## What to work on
Omit all pictures, and print word for word only the lines from the one containing "As shown by" through the end of the data.

****

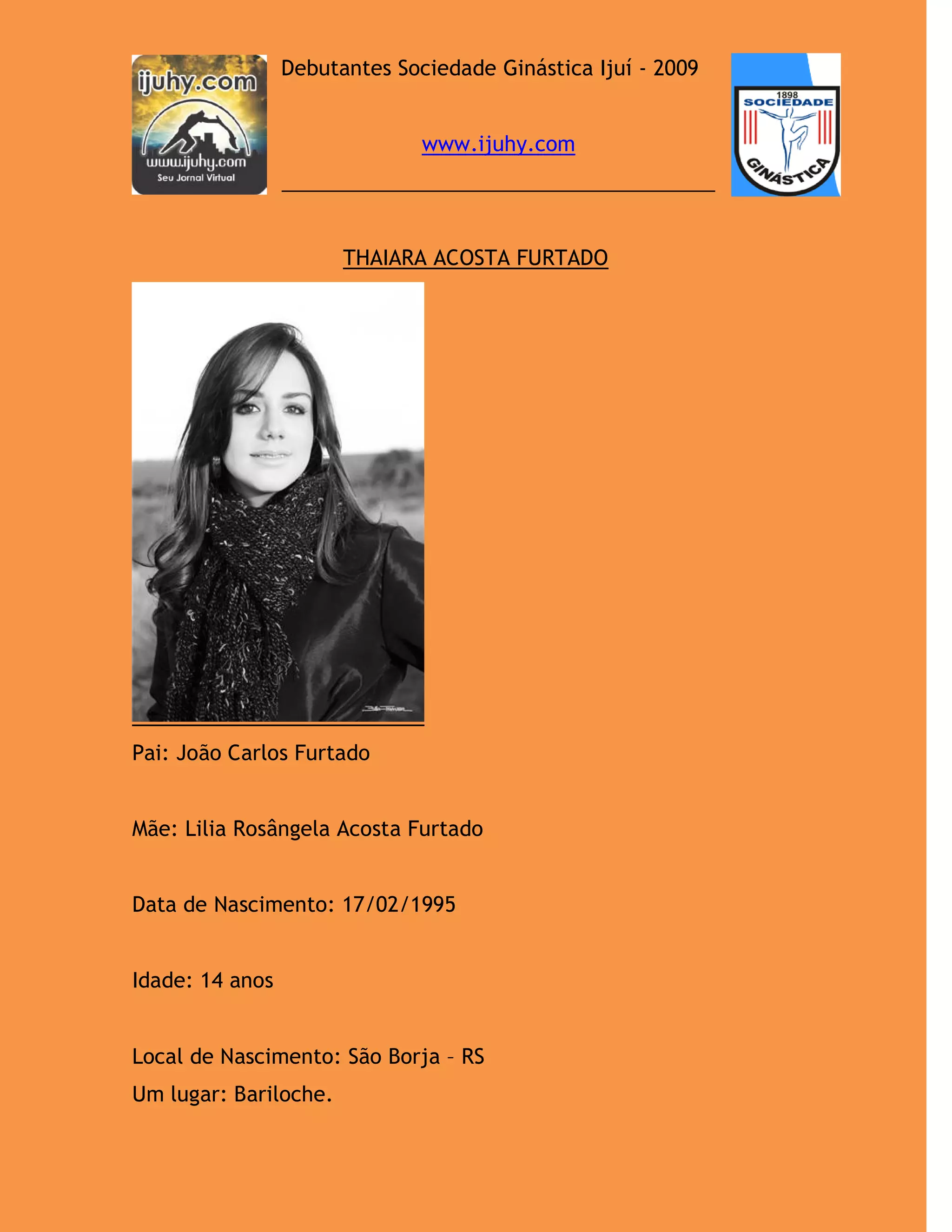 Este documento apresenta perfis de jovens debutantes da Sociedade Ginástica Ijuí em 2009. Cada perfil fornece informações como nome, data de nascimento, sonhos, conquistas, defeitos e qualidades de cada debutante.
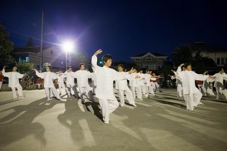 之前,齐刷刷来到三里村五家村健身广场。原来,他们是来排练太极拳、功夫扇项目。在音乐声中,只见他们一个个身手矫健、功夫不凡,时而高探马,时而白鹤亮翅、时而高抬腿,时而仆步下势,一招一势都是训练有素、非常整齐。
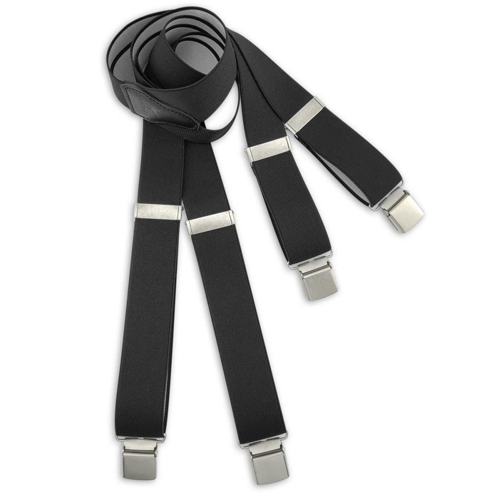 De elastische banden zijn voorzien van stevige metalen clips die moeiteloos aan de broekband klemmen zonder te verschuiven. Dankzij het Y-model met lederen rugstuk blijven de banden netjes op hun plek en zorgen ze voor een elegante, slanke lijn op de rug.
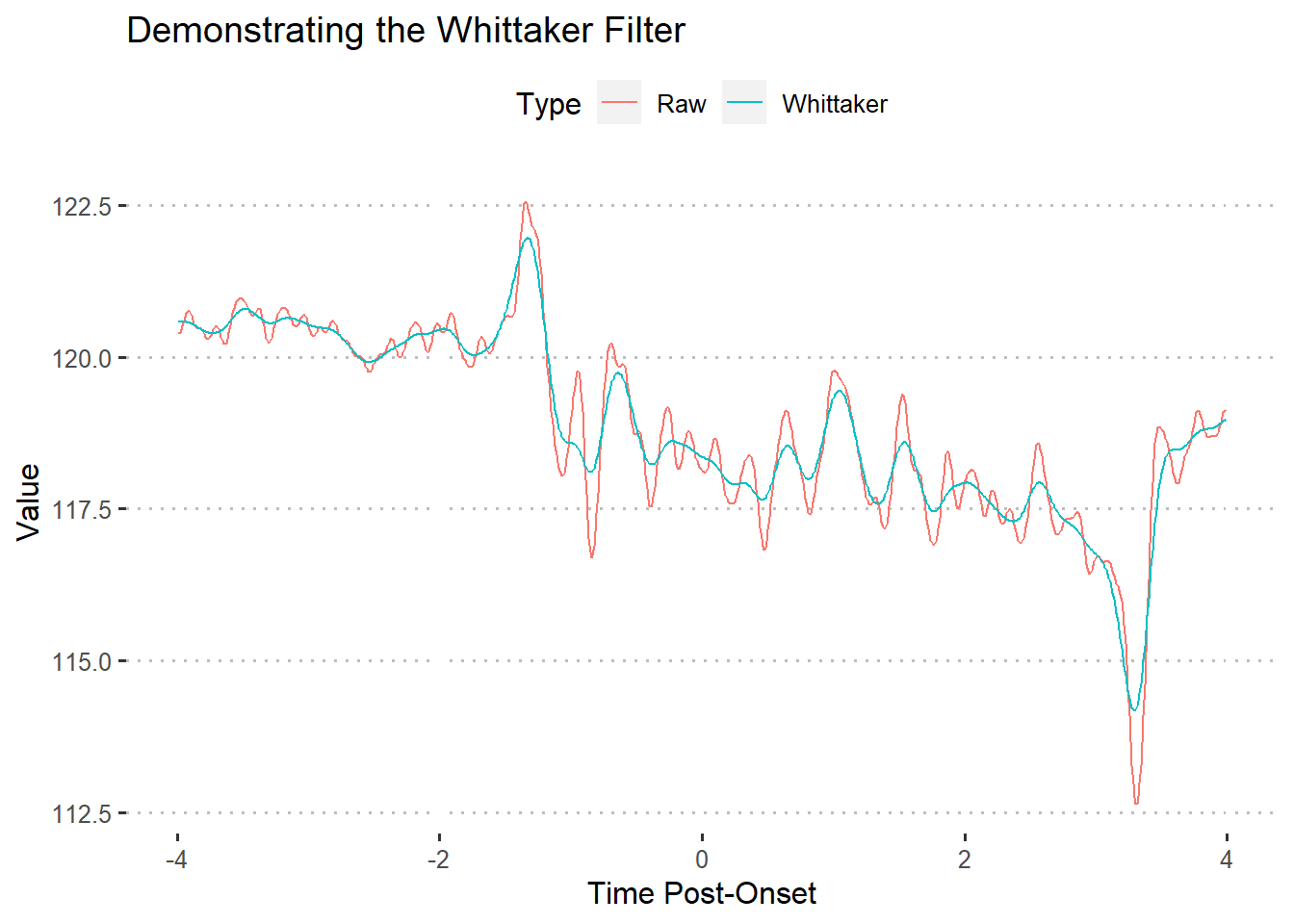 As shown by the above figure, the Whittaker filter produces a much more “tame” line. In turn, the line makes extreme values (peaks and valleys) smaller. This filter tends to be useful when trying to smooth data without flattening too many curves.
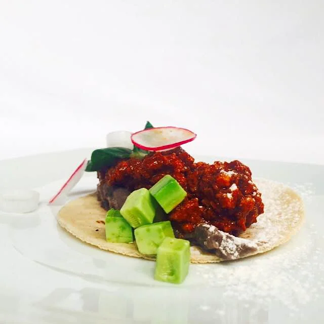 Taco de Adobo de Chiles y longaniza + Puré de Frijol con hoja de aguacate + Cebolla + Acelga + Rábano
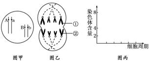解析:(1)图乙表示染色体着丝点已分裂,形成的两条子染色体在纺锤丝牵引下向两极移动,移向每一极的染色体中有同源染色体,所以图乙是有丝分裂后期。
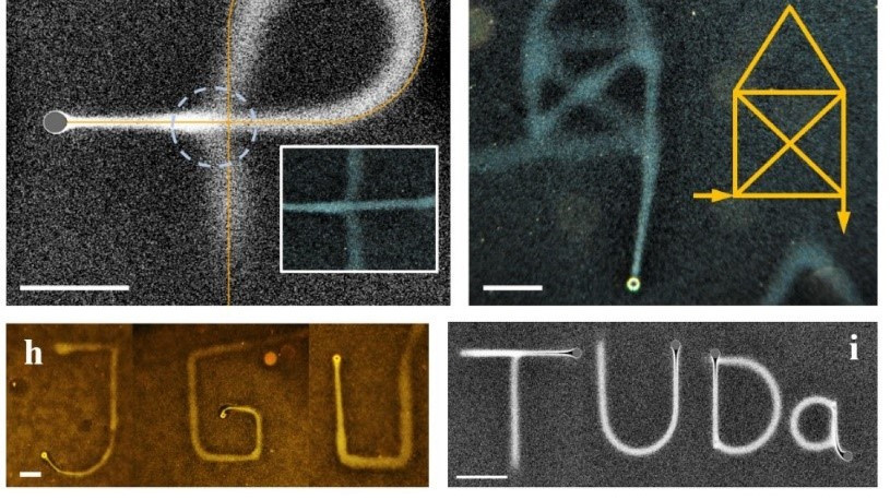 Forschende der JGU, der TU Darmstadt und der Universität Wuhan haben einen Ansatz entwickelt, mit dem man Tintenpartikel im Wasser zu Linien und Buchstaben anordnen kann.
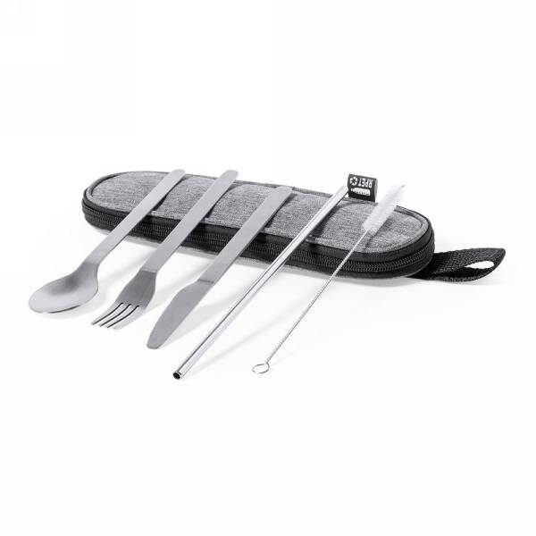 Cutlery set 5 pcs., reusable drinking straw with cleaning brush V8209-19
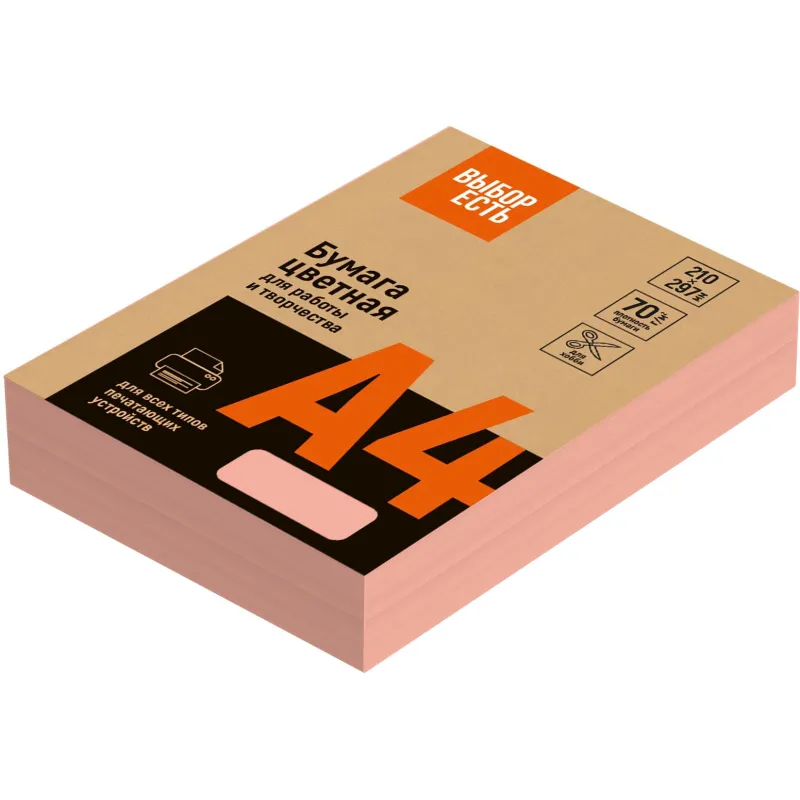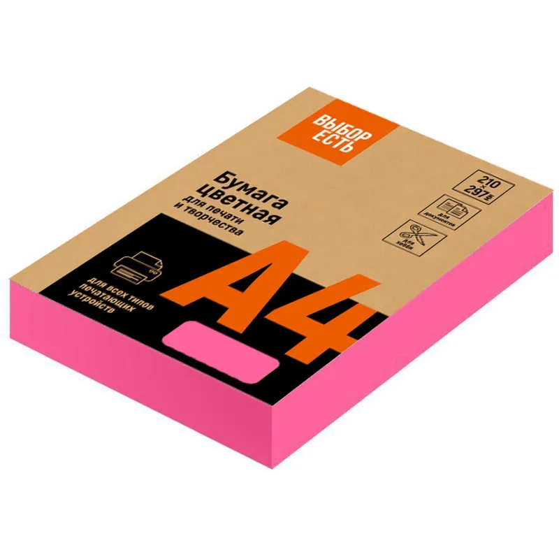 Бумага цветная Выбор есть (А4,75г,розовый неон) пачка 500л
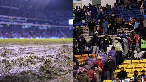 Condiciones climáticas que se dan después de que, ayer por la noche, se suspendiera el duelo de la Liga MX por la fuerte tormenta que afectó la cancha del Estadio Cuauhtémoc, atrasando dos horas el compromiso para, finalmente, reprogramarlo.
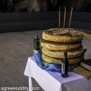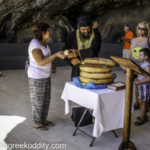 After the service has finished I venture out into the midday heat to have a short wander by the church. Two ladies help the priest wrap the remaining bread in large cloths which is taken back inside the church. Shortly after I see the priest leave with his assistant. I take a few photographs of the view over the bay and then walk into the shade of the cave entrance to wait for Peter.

****

## Written response
 As shown by the above figure, the Whittaker filter produces a much more “tame” line. In turn, the line makes extreme values (peaks and valleys) smaller. This filter tends to be useful when trying to smooth data without flattening too many curves.
 Taco de Adobo de Chiles y longaniza + Puré de Frijol con hoja de aguacate + Cebolla + Acelga + Rábano
解析:(1)图乙表示染色体着丝点已分裂,形成的两条子染色体在纺锤丝牵引下向两极移动,移向每一极的染色体中有同源染色体,所以图乙是有丝分裂后期。
 Forschende der JGU, der TU Darmstadt und der Universität Wuhan haben einen Ansatz entwickelt, mit dem man Tintenpartikel im Wasser zu Linien und Buchstaben anordnen kann.
 Cutlery set 5 pcs., reusable drinking straw with cleaning brush V8209-19
 Бумага цветная Выбор есть (А4,75г,розовый неон) пачка 500л
 Condiciones climáticas que se dan después de que, ayer por la noche, se suspendiera el duelo de la Liga MX por la fuerte tormenta que afectó la cancha del Estadio Cuauhtémoc, atrasando dos horas el compromiso para, finalmente, reprogramarlo.
 After the service has finished I venture out into the midday heat to have a short wander by the church. Two ladies help the priest wrap the remaining bread in large cloths which is taken back inside the church. Shortly after I see the priest leave with his assistant. I take a few photographs of the view over the bay and then walk into the shade of the cave entrance to wait for Peter.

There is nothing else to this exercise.